Thinking about this led me to consider the following scenario that might contradict this.

Suppose I have water in a fully sealed and fully rigid container. We say it is located on Earth, so gravity is present as usual. Now suppose there is a small air bubble at the top of the container, as shown in the sketch below.

To a good approximation, the air bubble has a uniform pressure $P_{\text{Air}} = \text{const}$ everywhere inside the air bubble. The water presumably has a linear pressure gradient downward: $$ P(z) = \gamma z $$ where $z$ is the distance from the top of the container to the given level and $\gamma$ is the specific weight of the water. Maybe more accurately, the air bubble causes the water at the top to have some pressure as well, so maybe we should write $$ P(z) = P_{0} + \gamma z. $$ Let's say for the sake of the questions, the air bubble is $h = 3\text{ mm}$ in height.

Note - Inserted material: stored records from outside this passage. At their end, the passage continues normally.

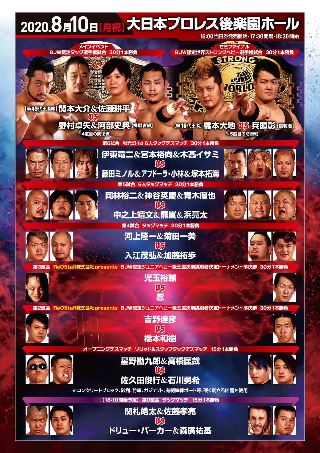 第6試合の8・29横浜文体でのデスマッチ選手権前哨戦は、二丁拳銃の援護を受けた伊東が藤田を攻め込み、二丁拳銃がダブルスライディングキックから伊東がムーンサルトプレスも塚本がカットすると、アブ小の援護を受けた藤田が蛍光灯を持って伊東にダイビングボディープレス投下してクラッシュさせる。
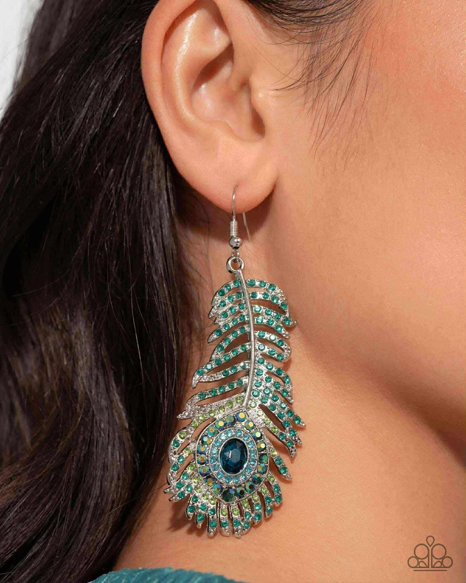 Dusted in aquamarine, emerald iridescent, green, and emerald rhinestones, curly ribbons of silver flair around a turquoise resin oval, creating a peacock feather-inspired centerpiece below the ear for a whimsically wild look. Earring attaches to a standard fishhook fitting. Sold as one pair of earrings.
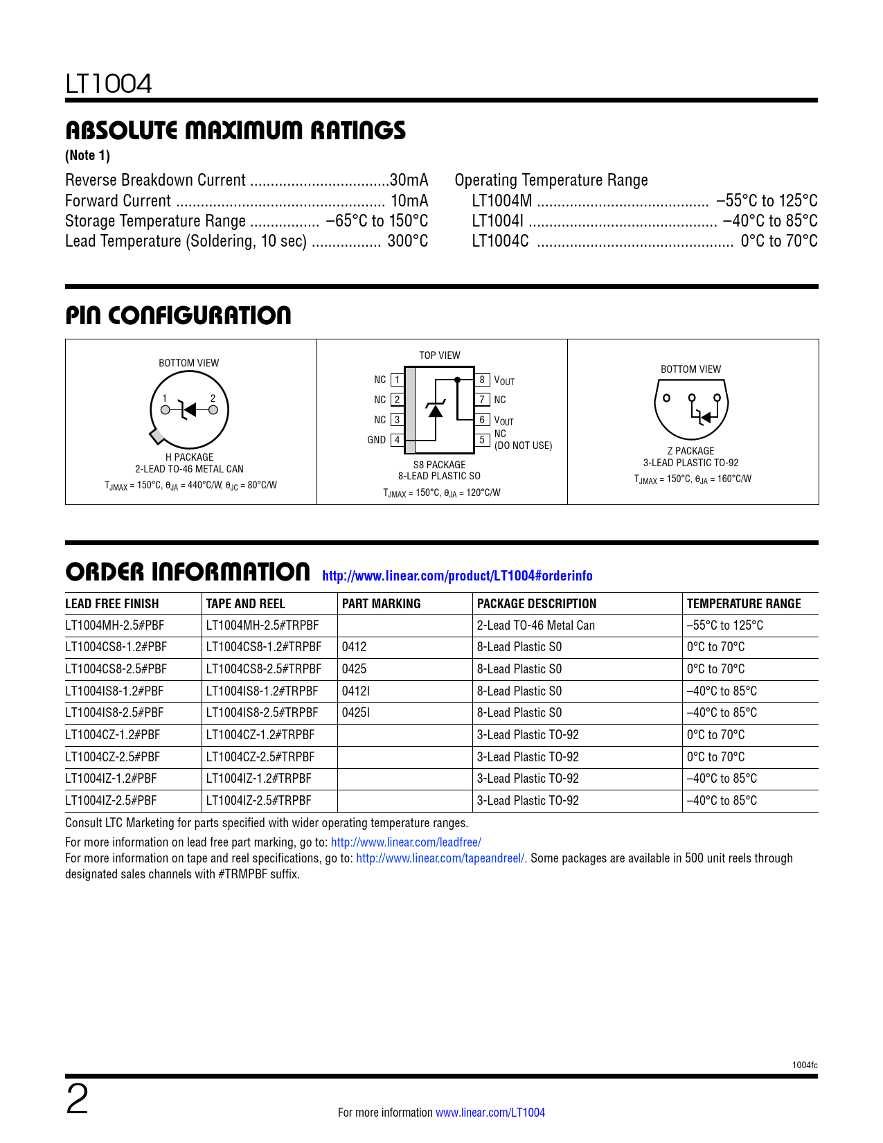LT1004 absoluTe MaxiMuM raTings (Note 1) Reverse Breakdown Current ..30mA Operating Temperature Range Forward Current ... 10mA LT1004M .. –55°C to 125°C Storage Temperature Range ... –65°C to 150°C LT1004I .. –40°C to 85°C Lead Temperature (Soldering, 10 sec) ... 300°C LT1004C .. 0°C to 70°C pin conFiguraTion TOP VIEW BOTTOM VIEW BOTTOM VIEW NC 1 8 VOUT 1 2 NC 2 7 NC NC 3 6 VOUT GND 4 5 NC (DO NOT USE) H PACKAGE Z PACKAGE 2-LEAD TO-46 METAL CAN S8 PACKAGE 3-LEAD PLASTIC TO-92 8-LEAD PLASTIC SO T TJMAX = 150°C, θJA = 160°C/W JMAX = 150°C, θJA = 440°C/W, θJC = 80°C/W TJMAX = 150°C, θJA = 120°C/W orDer inForMaTion http://www.linear.com/product/LT1004#orderinfoLEAD FREE FINISHTAPE AND REELPART MARKINGPACKAGE DESCRIPTIONTEMPERATURE RANGE LT1004MH-2.5#PBF LT1004MH-2.5#TRPBF 2-Lead TO-46 Metal Can –55°C to 125°C LT1004CS8-1.2#PBF LT1004CS8-1.2#TRPBF 0412 8-Lead Plastic S0 0°C to 70°C LT1004CS8-2.5#PBF LT1004CS8-2.5#TRPBF 0425 8-Lead Plastic S0 0°C to 70°C LT1004IS8-1.2#PBF LT1004IS8-1.2#TRPBF 0412I 8-Lead Plastic S0 –40°C to 85°C LT1004IS8-2.5#PBF LT1004IS8-2.5#TRPBF 0425I 8-Lead Plastic S0 –40°C to 85°C LT1004CZ-1.2#PBF LT1004CZ-1.2#TRPBF 3-Lead Plastic TO-92 0°C to 70°C LT1004CZ-2.5#PBF LT1004CZ-2.5#TRPBF 3-Lead Plastic TO-92 0°C to 70°C LT1004IZ-1.2#PBF LT1004IZ-1.2#TRPBF 3-Lead Plastic TO-92 –40°C to 85°C LT1004IZ-2.5#PBF LT1004IZ-2.5#TRPBF 3-Lead Plastic TO-92 –40°C to 85°C Consult LTC Marketing for parts specified with wider operating temperature ranges. For more information on lead free part marking, go to: http://www.linear.com/leadfree/ For more information on tape and reel specifications, go to: http://www.linear.com/tapeandreel/. Some packages are available in 500 unit reels through designated sales channels with #TRMPBF suffix. 1004fc 2 For more information www.linear.com/LT1004
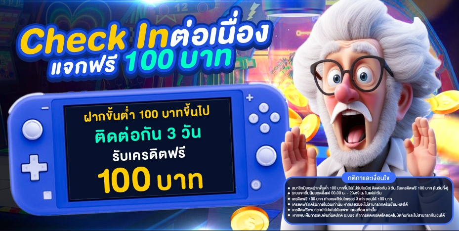 💥สมาชิกมียอดฝากขั้นต่ำ 100 บาทขึ้นไป ❌ต้องไม่รับโปรโมชั่น ❌ ฝากติดต่อกัน 3 วัน รับเครดิตฟรี 100 บาท (ในวันที่4)
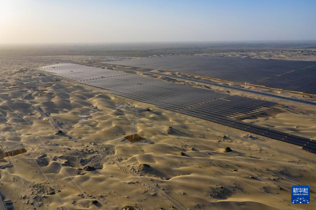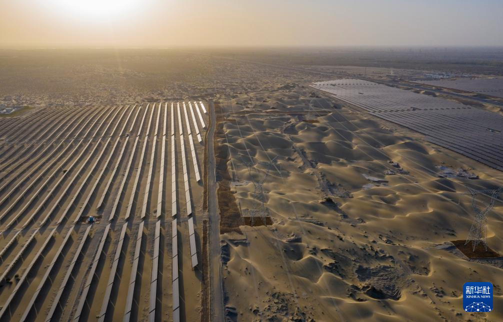昔日的戈壁荒漠,如今由太阳能光伏板汇聚成“蓝色海洋”,由风力发电机组成“白色森林”,正孕育着无限“风光”。

Now the problem is that there seems to be a contradiction between the following three ideas:

1. Pressure must be continuous with respect to position, including across the air-water interface.
2. The pressure of the water must be the same at every horizontal slice, and it only linearly increases with depth.
3. The pressure is approximately uniform/constant in the air bubble.

All three of these can't be correct simultaneously. Which one(s) is/are wrong?

What I really wonder is, what is the pressure distribution $P = P(x, y, z)$ throughout the whole container, and how can you derive this from first principles? I am really curious to know if there is anything out there that deals with these kinds of scenarios.

Answer 1

There is a contradiction between those three ideas mainly because point 1. is wrong: pressure is not continuous across the air-water interface because of the surface tension.

Point 2. and point 3. are ok. In a continuous domain (water and air inspected independently) of a fluid at rest, Stevino's law holds, i.e.

$P(z) = P(z_0) + \rho g ( z - z_0 )$

with $z$ pointing downward. This formula readily describes the linearly increasing pressure in water (remember to use water density $\rho_{H_{2}O}$). For the air bubble, you can assume that the pressure is approximately uniform, if $\rho_{air}$ is small if compared with $\rho_{H_{2}O}$ (usually it is about $1/1000$), and anyway the small size of the bubble leads to a small difference of the $z$-coordinate in the air bubble.

The interface surface behaves as a membrane, and the pressure jump across it, at each point of the surface $\mathbf{r}_s$, can be described with Young-Laplace formula

$P_{air}(\mathbf{r}_s) - P_{H_2O}(\mathbf{r}_s) = 2 \gamma H(\mathbf{r}_s) = \gamma \left( \dfrac{1}{R_1(\mathbf{r}_s)} + \dfrac{1}{R_2(\mathbf{r}_s)}\right)$,

where $H = \frac{1}{2}\left(\frac{1}{R_1} + \frac{1}{R_2}\right)$ is the average curvature of the surface, and $\gamma$ is the surface tension. The angle of contact between air, water and the solid walls of the container is typically a property of the combinations of the three materials, independent from the pressure.

Approximate solution

We can find an approximate solution, assuming:

• that the bubble is really small, that the pressure in the water surrounding it can be treated as constant;
• spherical symmetry (or better, cylindrical symmetry): since the pressure jump is constant, the mean curvature of the surface is constant and there is no reason (or at least, it seems so to me) to have different principal radii of curvature, and thus the bubble has the shape of a spherical cup with the flat surface corresponding to the upper wall of the container.

Since the contact angle is determined by the materials, the shape of the spherical cup is determined. The only thing that remains to be determined is the dimension of the bubble, i.e. its radius. The dimension of the bubble, and thus the pressure jump, the "offset" of the pressure profile in water and the pressure in the air bubble and all derived quantities, can be derived using

• the conservation of the mass of the air trapped in the container
• the equation of state of the air if we have some details about the filling process of the container, where air has been trapped.